Big data methods applied to the fitness landscape of the HIV envelope protein
Despite significant advances in medicine, there is still no effective vaccine for the human immunodeficiency virus (HIV), although recent hope has emerged through the discovery of antibodies capable of neutralizing diverse HIV strains. However, HIV can sometimes evade known broadly neutralizing antibody responses via mutational pathways, which makes it all the more difficult to design an effective solution.
An ideal vaccine would elicit broadly neutralizing antibodies that target parts of the virus's spike proteins where mutations severely compromise viral fitness or the ability to replicate. This requires knowledge of the fitness landscape, a mapping from sequence to fitness. To achieve this goal, data scientists from the HKUST and their collaborators from MIT have employed a computational approach to estimate the fitness landscape of gp160, the polyprotein that comprises HIV's spike.
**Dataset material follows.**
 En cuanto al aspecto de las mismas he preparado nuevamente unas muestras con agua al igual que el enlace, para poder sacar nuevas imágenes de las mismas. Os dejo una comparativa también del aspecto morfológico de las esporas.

The inferred landscape was then validated through comparisons with diverse experimental measurements.
Their findings were published in the journal PNAS in January 2018.
"Without big data machine learning methods, it is simply impossible to make such a prediction," said Raymond Louie, co-author, Junior Fellow of HKUST's Institute for Advanced Study and Research Assistant Professor in the Department of Electronic & Computer Engineering. "The number of parameters to be estimated came close to 4.4 million."
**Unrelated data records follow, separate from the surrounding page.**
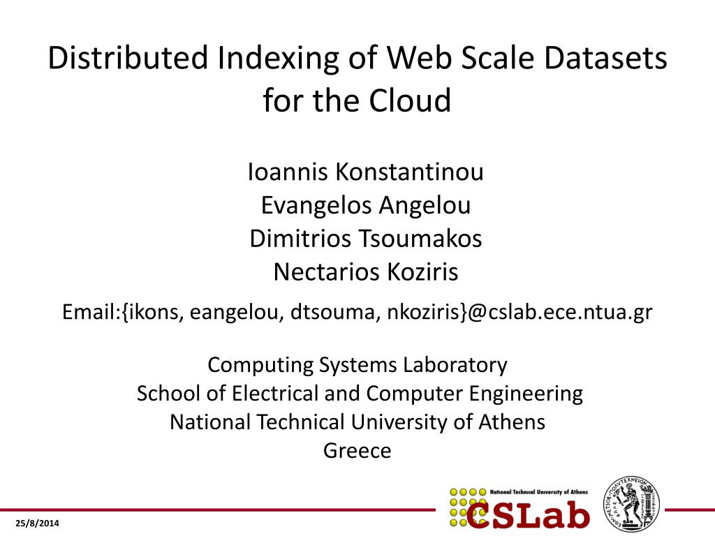 Ioannis Konstantinou Evangelos Angelou Dimitrios Tsoumakos Nectarios Koziris. Distributed Indexing of Web Scale Datasets for the Cloud. Email:{ikons, eangelou, dtsouma, nkoziris}@cslab.ece.ntua.gr. Computing Systems Laboratory School of Electrical and Computer Engineering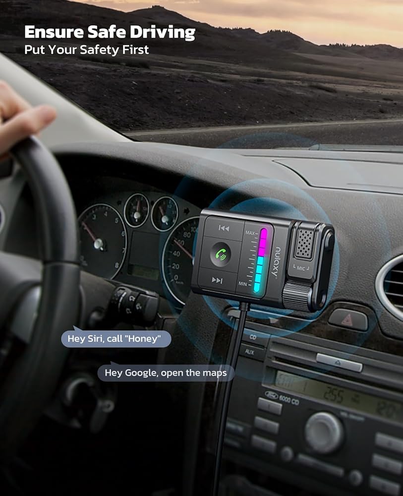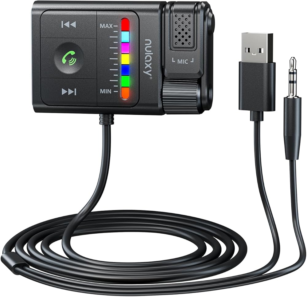 • Unique Lighting Effects: Our bluetooth car adapter aux input features a 7-color changing LED light that not only helps you locate buttons more easily at night, making driving safer, but also syncs with volume or bass adjustments, allowing you to clearly perceive whether the operation is correct.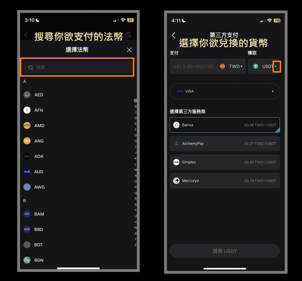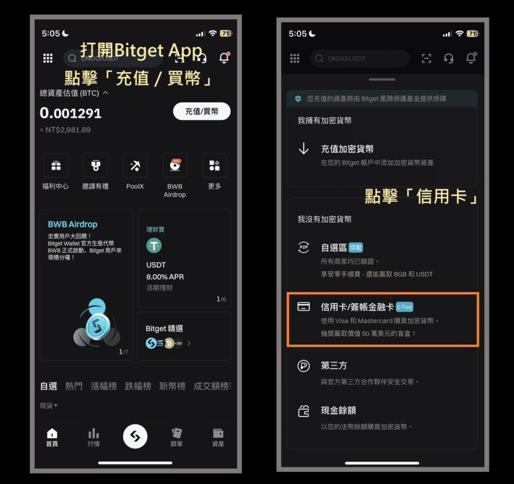 Bitget其实挺方便,可以自由选择刷卡的货币单位(同样、台币等),也可以选择刷卡付费后转换的虚拟货币(比特币、USDT等)。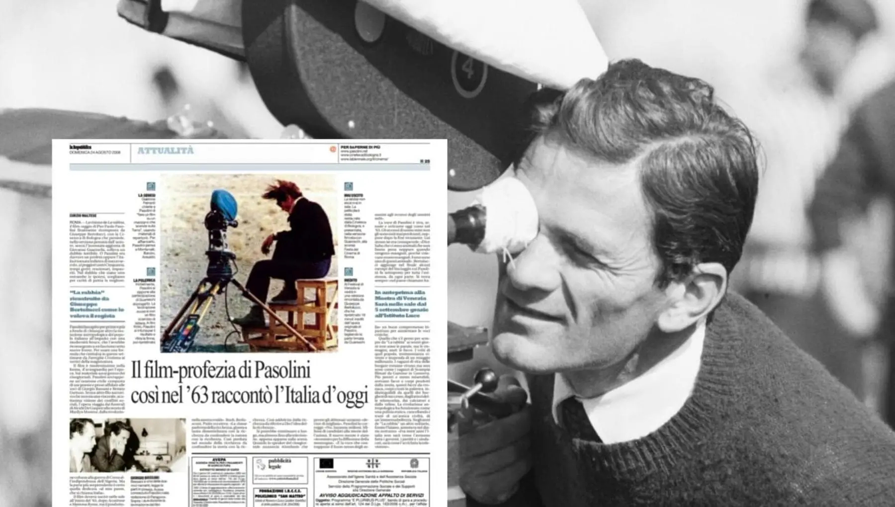 R50 / La notte del 2 novembre 1975 il poeta, scrittore e regista, all’età di 53 anni, fu assassinato sulla spiaggia dell’Idroscalo di Ostia. Ecco un articolo di Curzio Maltese che, il 24 agosto 2008, in occasione della presentazione del restauro del film “La rabbia” (1963), analizza la capacità di interpretare la realtà e il futuro che l’intellettuale aveva sviluppato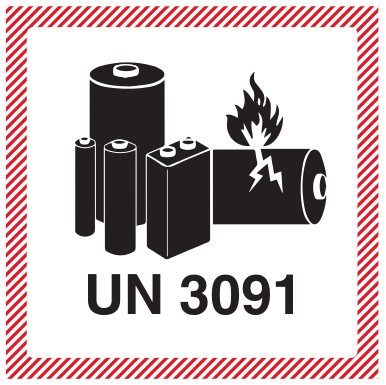 Kennzeichnung "Lithium-Metall-Zellen oder -Batterien in Ausrüstungen" UN 3091 - Gefahrzettel für den Transport gefährlicher Güter nach ADR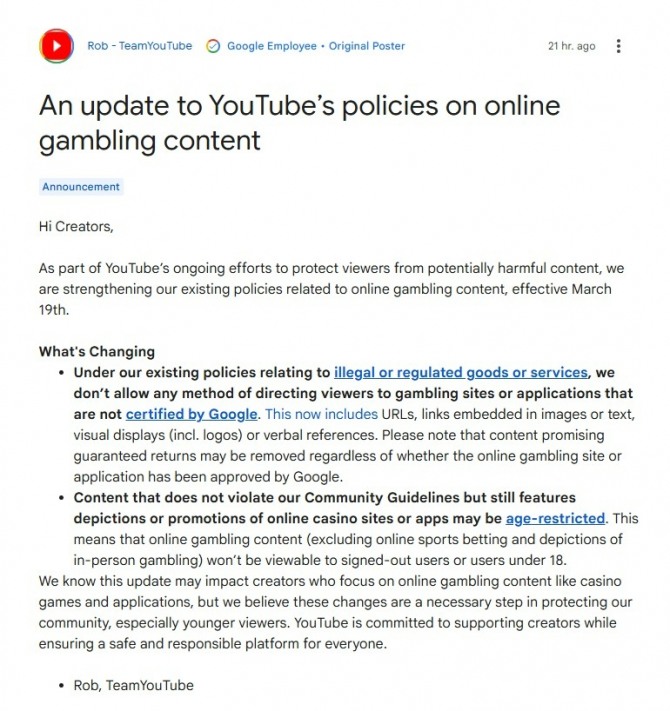유튜브 팀은 "이번 업데이트가 카지노 게임 및 애플리케이션과 같은 온라인 도박 콘텐츠에 집중하는 크리에이터에게 영향을 미칠 수 있다는 것을 알고 있지만, 이러한 변경은 커뮤니티, 특히 어린 시청자를 보호하기 위해 필요한 조치라고 생각한다"고 밝혔다.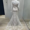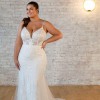 SEXY LACE FIT-AND-FLARE WEDDING DRESS WITH PLUNGING NECKLINE.

The data processed by the team consisted of 815 residues and 20,043 sequences from 1,918 HIV-infected individuals.
"The computational method gave us fast and accurate results," said Matthew McKay, co-author and Hari Harilela Associate Professor in the Departments of Electronic & Computer Engineering and Chemical & Biological Engineering at HKUST. "The findings can assist biologists in proposing new immunogens and vaccination protocols that seek to force the virus to mutate to unfit states in order to evade immune responses, which is likely to thwart or limit viral infection."
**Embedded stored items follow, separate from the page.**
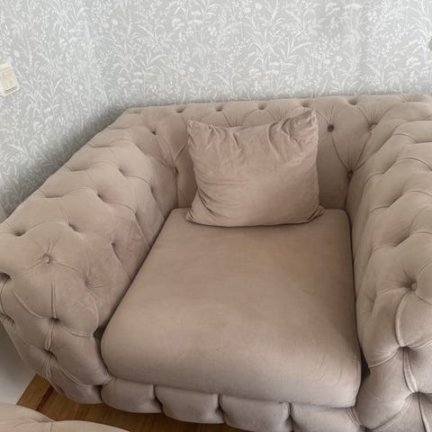 Den här favoritfåtöljen måste tyvärr säljas eftersom vi inte längre har plats för den. Fåtöljen är älskad för sitt breda, djupa ryggstöd og de bekväma armstöden som omsluter dig som en kram, perfekt för både avkoppling och mys. Den är vel använd av hela familjen och har varit en av de mest omtyckta möblerna i vårt hem. En riktigt härlig fåtölj för dig som vill ha både stil och komfort!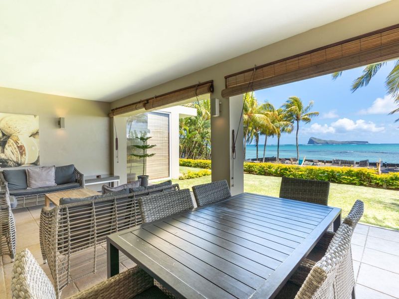 Beachfront living: step from your private terrace onto pristine Mauritian sand. Ground-floor apartment with tropical garden and gazebo, expansive living room, three bedrooms and three bathrooms.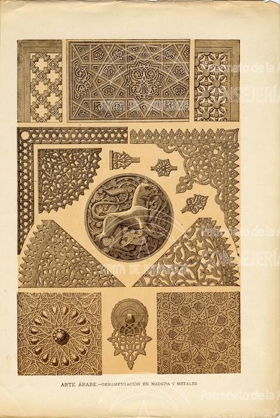 | Título: | Ilustración. Arte árabe: ornamentos de metal y de madera (celosías; adornos; aplicaciones...) |
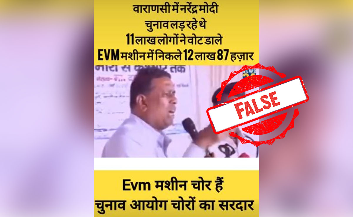 "In Varanasi, Narendra Modi was contesting the election. 11 lakh people voted, but 12 lakh 87 thousand votes came out from the EVM machine. The EVM machine is a thief, and the Election Commission is the leader of the thieves," the caption in the video claimed.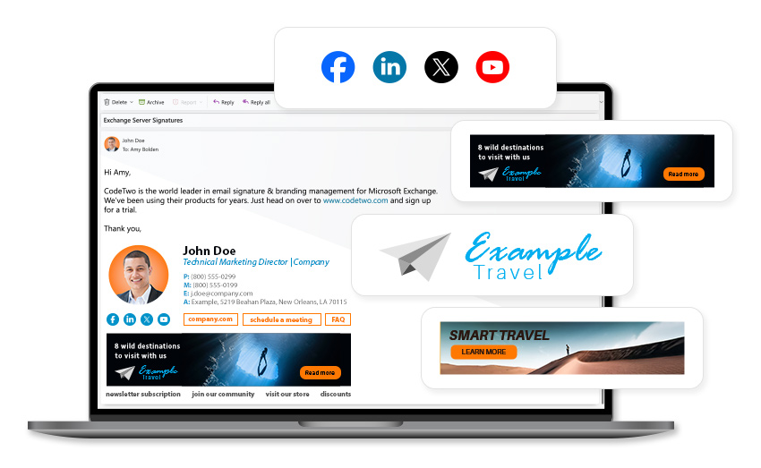 CodeTwo Email Signatures On-prem可自动为每封发送邮件添加营销横幅及其他元素。由此,您无需错失任何宝贵的营销契机,每封邮件都将成为推广优质服务的额外渠道。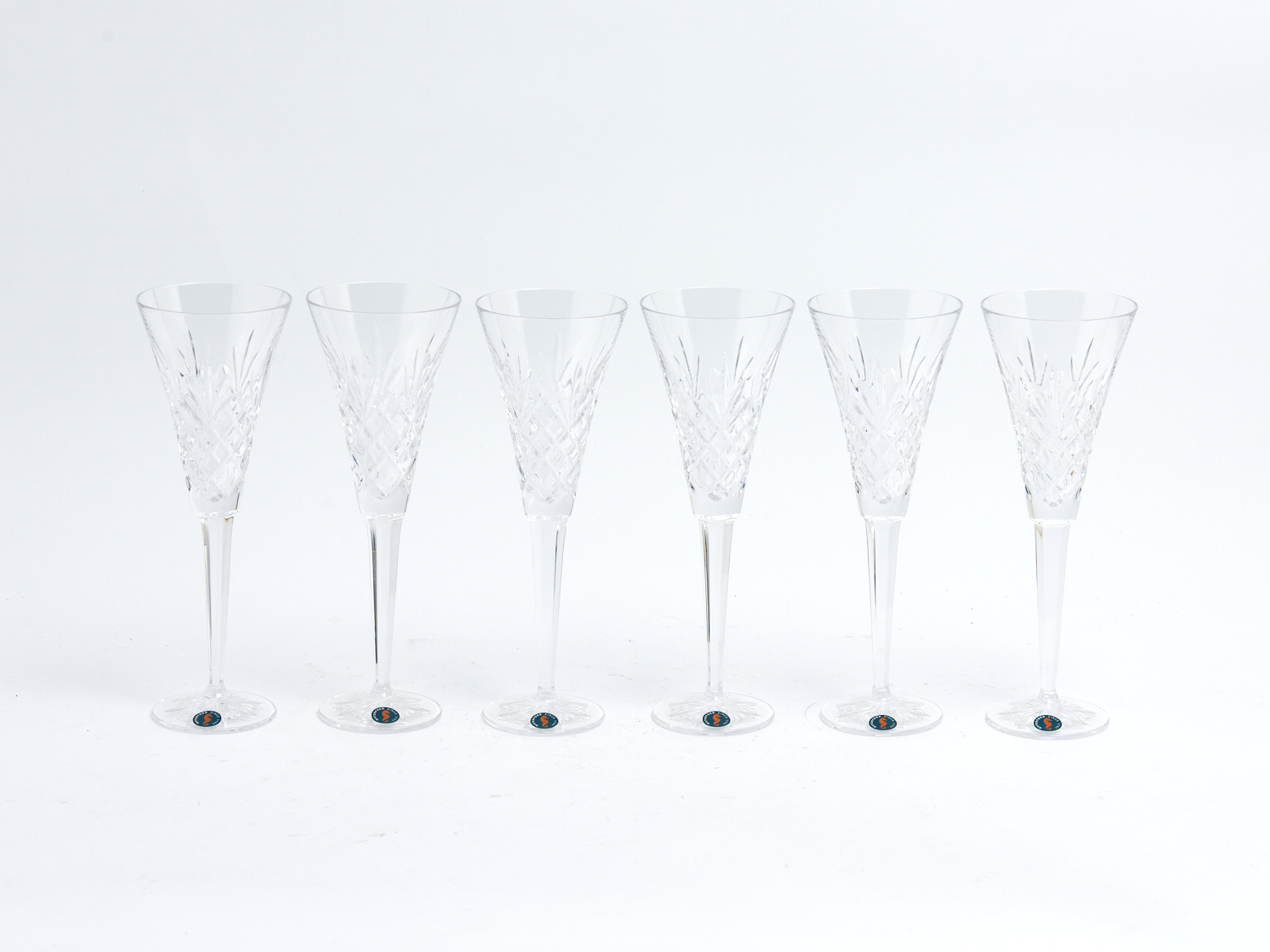 A SET OF SIX WATERFORD CRYSTAL CHAMPAGNE FLUTES WITH ORIGINAL BOXES H.26CM, LEONARD JOEL DELIVERY SIZE: MEDIUM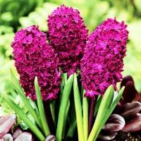 Крупноцветковый гиацинт Вудсток не может остаться незамеченным! Насыщенный пурпурно-лиловый окрас его крупных соцветий, переливающихся рубиновым блеском, манит и пленяет. И лишь только где-нигде проглядывают желтенькие-вкрапления-бусинки, расположенные в самом сердце десятков цветов.

"While this method was developed to address the specific challenges posed by the gp160 protein, which we could not address using methods we developed to obtain the fitness landscapes of other HIV proteins, the approach is general and may be applied to other high-dimensional, maximum-entropy inference problems," said co-author Arup K. Chakraborty, the Robert T. Haslam Professor in Chemical Engineering, Physics, and Chemistry at MIT's Institute for Medical Engineering & Science. "Specifically, our fitness landscape could be clinically useful in the future for the selection of combination bnAb therapy and immunogen design."
"This is a multi-disciplinary study presenting an application of data science, and big data machine learning methods in particular, for addressing a challenging problem in biology," said McKay.